Honestly not much data on how insoluble or non-reactive the complexes are with herbs/otcs.  Probably pharms are better for something so serious, and anyways, pharms are virtually always better bang for their buck, heh.

I was aware of selenium being good for mercury poisoning, but thought it was just because of its potent antioxidant status, didn't know the bit about forming the complexes.  I think the same thing is happening between selenium and aluminum ions.

Folia Histochem Cytobiol. 2013;51(4):312-9.
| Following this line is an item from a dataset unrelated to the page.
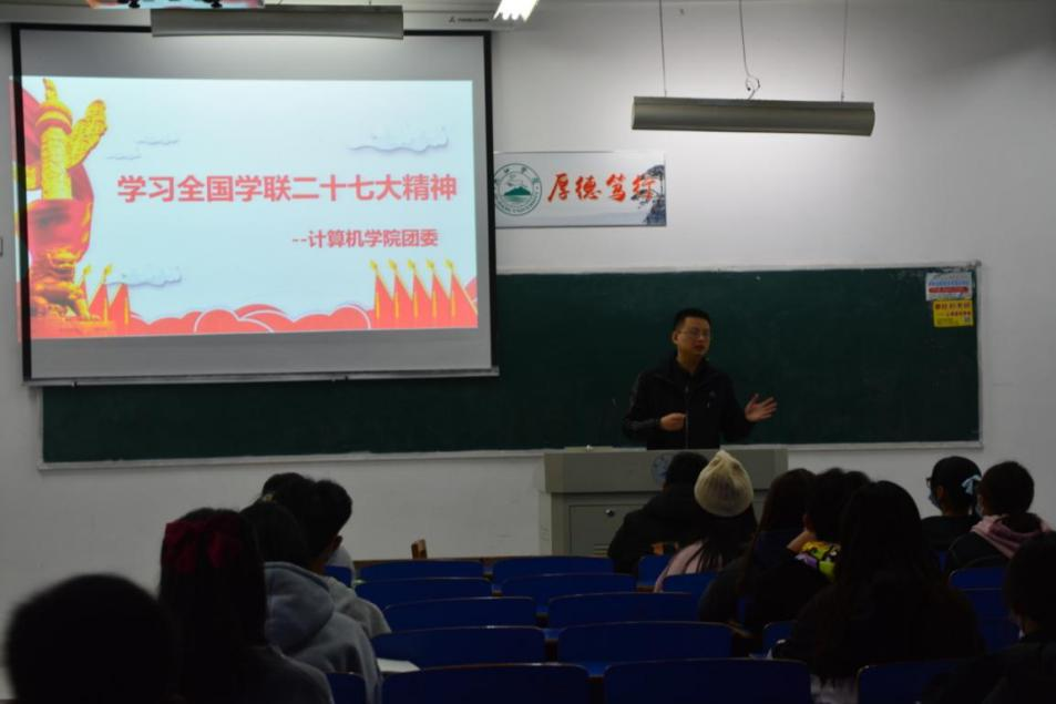 为学习贯彻全国学联二十七大会议精神,普及习近平总书记贺信和党中央致词精神,了解党中央、教育部有关工作要求,11月10日下午,计算机公司在文友楼118举办“学习全国学联二十七大精神”活动,思政教育科副科长尹志刚以及全体团支书参加了活动。
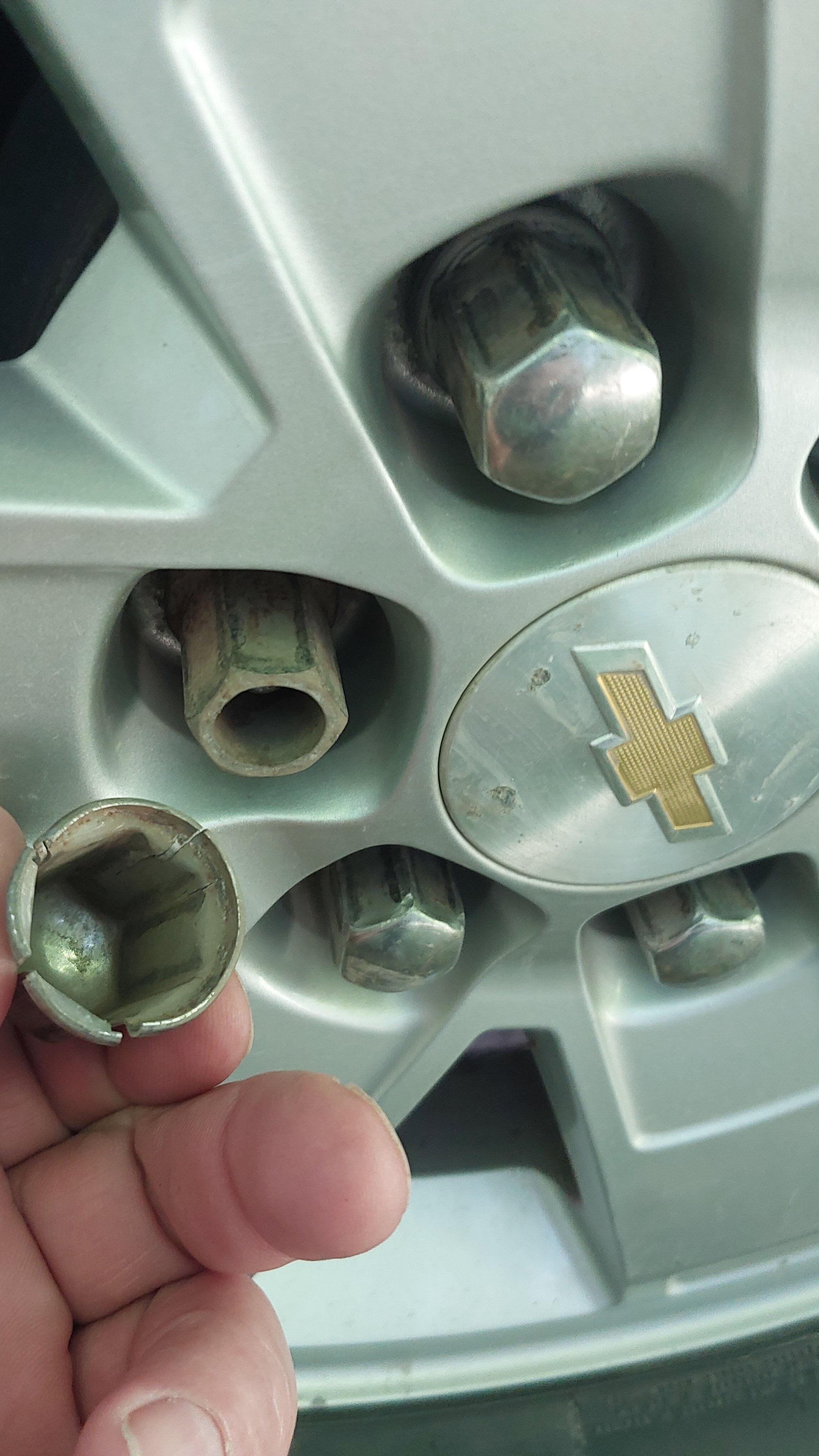 I recently twisted up one of those lug nut covers on my Jeep...and 2 hours later, finally got the rim off! (And then had to buy a new stud!)

Effect of vitamin E and selenium against aluminum-induced nephrotoxicity in pregnant rats.

Abdel-Hamid GA¹.

Abstract

Kidney is one of the most affected organs by aluminium toxicity. This study aimed to investigate the effect of aluminium chloride on the kidney of pregnant rats and to assess the efficiency of vitamin E and selenium in ameliorating this effect. Forty virgin albino rats were randomly divided into two main groups. Control rats were further divided into negative control group (C1, n = 10) which received distilled water and positive control group (C2, n = 10) that received vitamin E (VE, 150 mg/kg/day) and selenium (NaSe 150 μg/kg/day) for 3 months through intra-gastric tube. The experimental group was divided into an E1 subgroup in which rats received aluminium chloride (AlCl₃, 150 mg/kg/day, n = 10) and E2 subgroup (n = 10) in which animals received the same dose of AlCl₃ plus VE and selenium at the same doses as C2 group for 3 months through intra-gastric tube. Conception of rats was allowed. AlCl₃, VE and NaSe were given through intragastric tube during the whole length of the pregnancy, at the same doses as before pregnancy. At the 20th day of gestation dams were sacrificed, kidneys were dissected and processed for routine histological and immunohistochemical staining for identification of T-lymphocytes and macrophages. Integrated optical density of both cell types was assessed. AlCl₃ administration induced histopathological changes in the kidney of pregnant rats and increased the density of CD3 and CD68 immunoreactive cells, suggestive of the associated aluminium-induced inflammatory process. Vitamin E and selenium minimized these harmful effects. The results suggest that diets rich in vitamin E and selenium and their supplements are advised particularly during pregnancy to alleviate the effects of possible excessive aluminium exposure.

 

 

African Journal of Biotechnology.  Vol.3(1), pp. 88-93 , January 2004

The effects of aluminium and selenium supplementation on brain and liver antioxidant status in the rat

M. G. Abubakar¹*, A. Taylor² and G. A. Ferns²

Abstract

This in vivo study was designed to investigate the potential of aluminium (Al), in the absence of added iron, to participate in either antioxidant or pro-oxidant events. Some markers of oxidative stress were determined in liver and brain of rats exposed to aluminium lactate, either alone or in the presence of dietary supplements of selenium (se) as selenite. Exposure to aluminium for 21 days resulted in a statistically significant (P<0.05) decrease in brain glutathione. However, a non-significant increase in hepatic glutathione was observed in animals supplemented with either Se or Al, but Al in combination with Se prevented this elevation. In the brain a statistically non-significant increase (P>0.05) was observed in the GSH content. Contrary to what is known, Al exposure resulted in statistically significant decrease (P<0.001) in lipid peroxidation as measured by production of malondialdehyde in both liver and brain. Aluminium exposure had no significant effect on the liver and brain superoxide dismutase activity. Results of the present study suggest that in rat aluminium exposure may have both pro-oxidant and antioxidant effect. Furthermore, Se supplementation may offer some protection against aluminium toxicity but this needs to be further elucidated.